The story is based on actual events that occurred during the French Revolution. An order of Carmelite sisters is expelled from their convent by Revolutionaries and elect to face beheading by guillotine than renounce their vows. The inner life of the order is revealed through Blanche de la Force, their youngest member. Searching for serenity, even sanity, Blanche joins the Carmelites to escape the revolution encroaching on her town and threatening her noble family. Blanche, who fears both life and death, then flees the convent to hide as a servant in her ruined family home after her father has been executed. After she learns the nuns have been sentenced to execution, she joins her sisters in the Place de la Révolution, following them all to a senseless death.
Not a new production, the Metropolitan Opera’s staging of Dialogues des Carmélites, originally directed by John Dexter in 1977, was nonetheless fresh and compelling in its approach and not at all tired, despite its age. It opens with an iconic image – a dozen sisters in brown habits lying prostrate, filling the cross in the center of the raked stage. There are numerous powerful images throughout that dramatically illustrate the depth of the devotion of the sisters and their constancy to their fellow sisters, none more so than the image of each striding toward the guillotine, one by one, singing the Salve Regina. The total effect of the sisters facing their beheadings – some with grace, some with mortal terror – and the thwack of the offstage guillotine punctuating each death surely contribute to one of the most compelling scenes in the history of modern opera.
The opera was so powerful that it will not be forgotten. However, listening to Poulenc’s score was, at times, like hearing the works of old friends – several of them, in turn. The first six scenes of the opera evidenced the sensibility of Debussy’s Pelléas et Mélisande – quiet, pensive, even plodding, with the story sung in recitative rather than in formal arias. The orchestration often punched up and advanced the action – in the same way that Puccini’s scores can move the story along as powerfully and sometimes with more force than the portions that are sung. Strains reminiscent of Stravinsky, a Verdian sensibility, and even sacred music and requiem graced this piece.

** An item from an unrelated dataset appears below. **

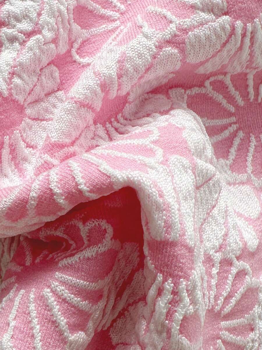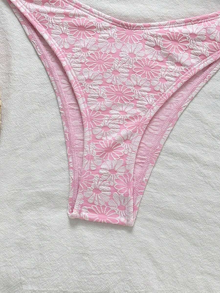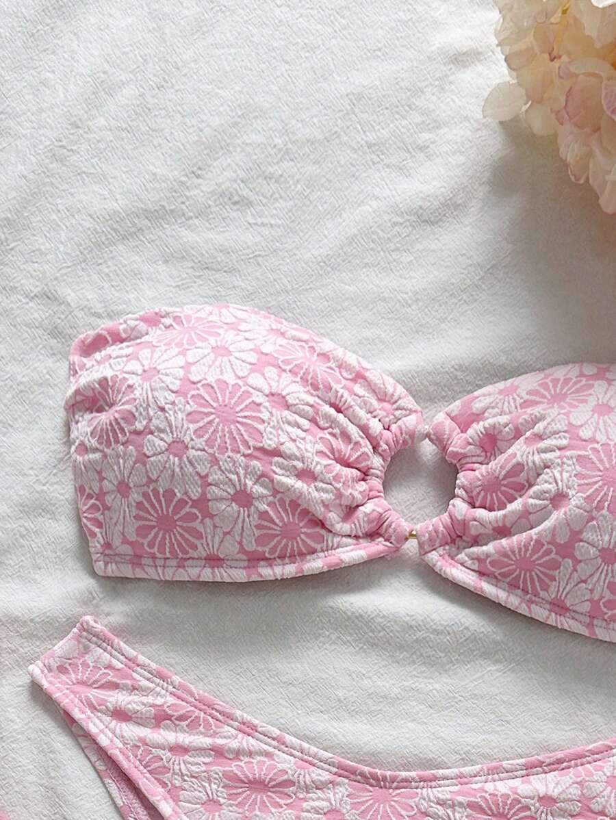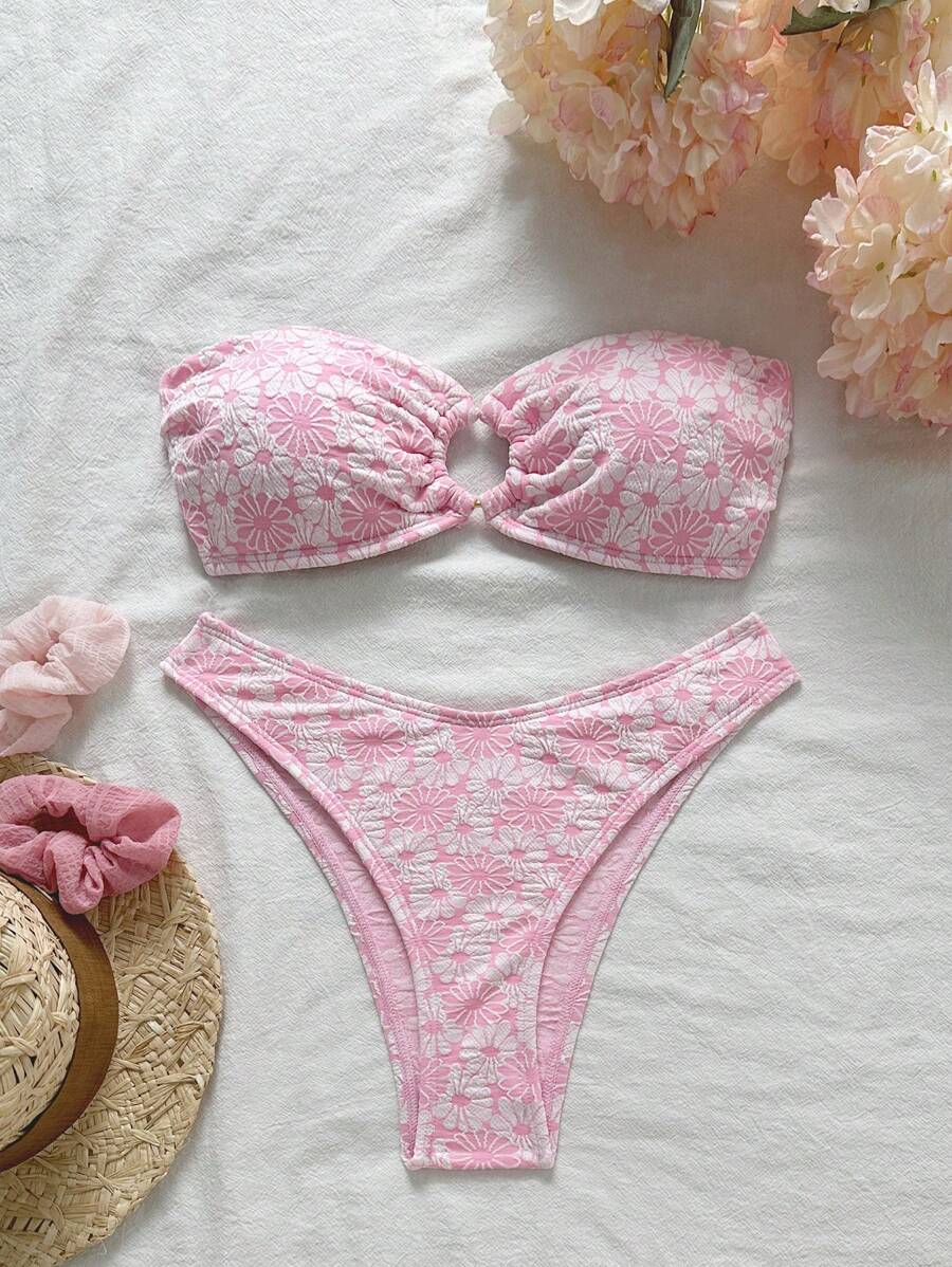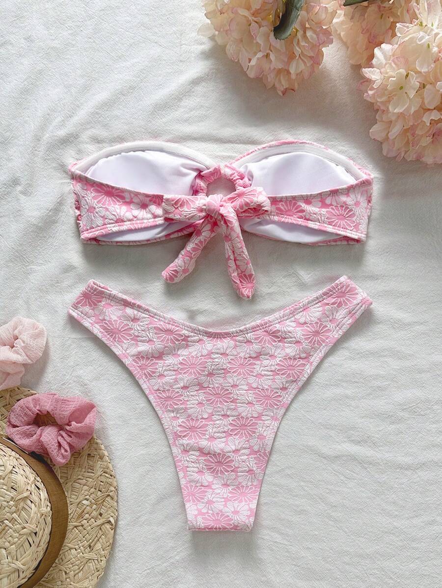 Conjunto de bikini de 2 piezas de mujer con top bandeaux con tirantes extraibles y bottom de cintura alta, con estampado floral jacquard, ropa de playa sexy

Despite the fact that the work premièred in 1957, when many of Poulenc’s contemporaries were writing strident pieces, Poulenc chose tonality and a nostalgic musical feel for this work instead, remarking, “It appears [my Carmelites] can only sing tonal music”. Choosing harmony rather than dissonance lent the opera the transcendence of a significant spiritual experience. Its decided musicality made the difference in terms of being assimilated and deeply felt by audiences, avoiding the estrangement created by a gut-wrenching storyline accompanied by an atonal score.
Each role was ideally cast, and each role expertly sung. When the curtain opened for the bows, many in the audience had already gotten to their feet to acknowledge the extraordinary work of the ensemble. All the principal performers – including mezzo-soprano Isabel Leonard as Blanche de la Force, soprano Patricia Racette as Madame Lidoine, soprano Erin Morley as Sister Constance, mezzo-soprano Elizabeth Bishop as Mother Marie, soprano Felicity Palmer as Madame de Croissy, and tenor Paul Appleby as Chevalier de la Force – made this an extraordinary revival. It was easiest to single out the two youngest members of the order, Blanche and Constance, distinguished by their white wimples, because of their vulnerability and plaintive exchanges, including Sister Constance’s premonition sung in a sweet and crystalline pure soprano that she and the regal Blanche would die young on the same day.
Conductor Louis Langrée guided the orchestra with such precision it was as if they had been gloved on his hand – as supportive, expressive, and powerful as any orchestra I’ve ever heard at the Met.
Only two performances of Dialogues des Carmélites at the Met remain this season. Truly, it is a theatrical experience not to be missed.